Sunday, May 4, 2014

Does Corn Meal Work on Fungus?

'Tis the season, another Dear Reader question.  I just finished throwing the tarp over the plants (the temperature, which wasn't expected to drop, is currently dropping like a rock), so fortunately I have a moment to answer this.

Corn meal has plenty of advantages for your lawn (and gardens), although I do tend to put down cracked corn instead of corn meal.  The cracked corn flows more like a commercial fertilizer, although it takes longer to work.  In either case, it's a great soil conditioner and wonderful way of adding organic matter.  It's not such a great feeding at 1.65-0.65-0.40 and I'd use soybean meal instead if feeding the lawn is your goal.
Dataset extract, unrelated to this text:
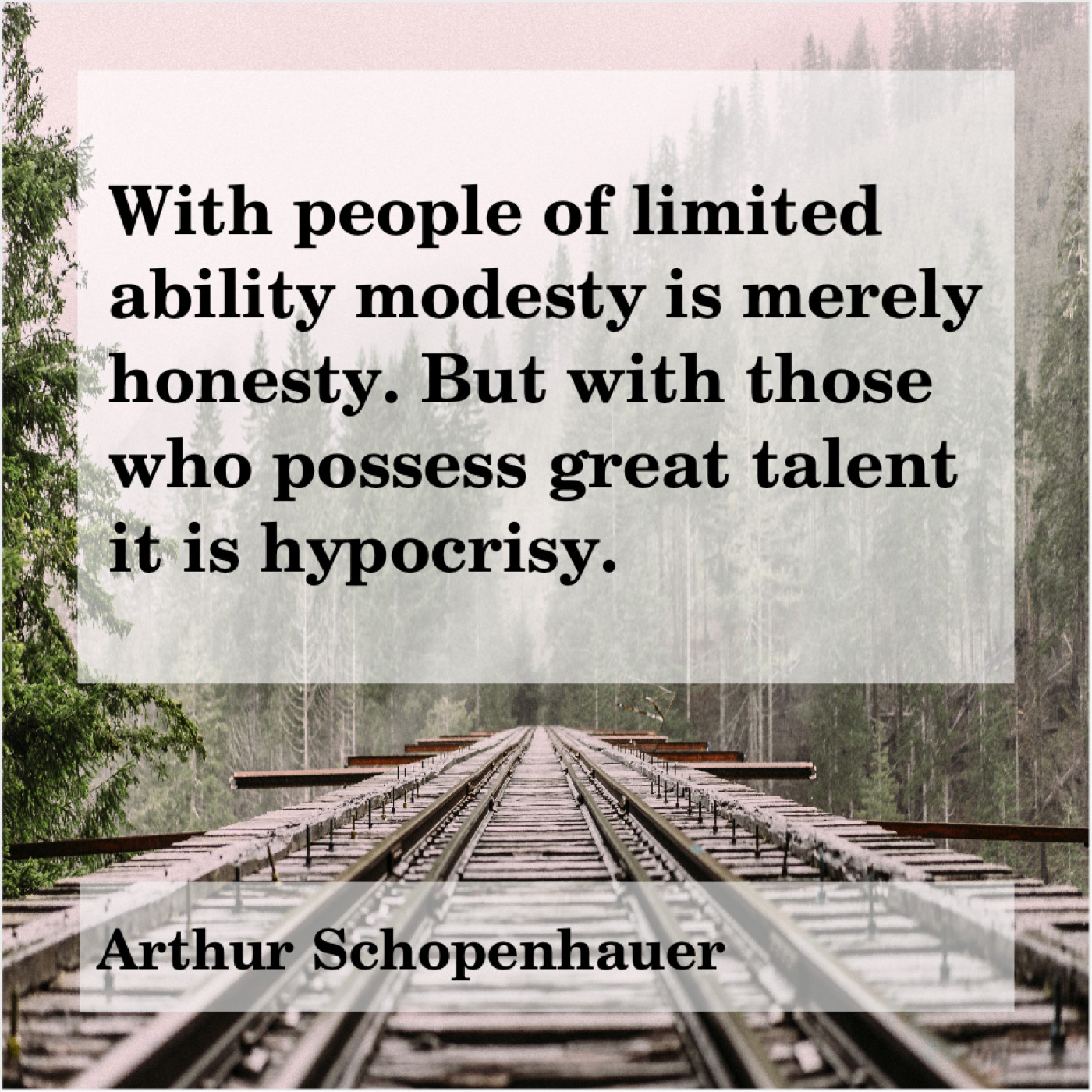 Arthur Schopenhauer Arthur Schopenhauer – With people of limited ability… June 8, 2019 admin “With people of limited ability modesty is merely honesty. But with those who possess great talent it is hypocrisy.”-Arthur Schopenhauer

But to the question:  does corn meal work on fungus?

In one word:  yes.

In four words:  yes, but not quickly.

Corn adds trichoderma fungi to your lawn, which love to hunt down and eat other fungi (they're more or less the helpful little vampires of the fungal world).  Like any other biological agent, they take time to reproduce enough to gain an advantage over the disease fungi.  And like any predator, their reproductive cycle is slower than the fungi they hunt.

As a curative, corn meal will work, but additional damage may be done while you're waiting.  If you're simply trying to make certain that your summer patch problem isn't quite so bad, adding it now will help.  If it's July and you have summer patch running rampant and destroying your lawn, choosing a chemical control is certainly going to be faster, more effective, and leave you more lawn.

More or less, I consider corn meal a preventative, but not a particularly good curative.  While you can use it as a curative (and it is completely organic), it's not going to be fast.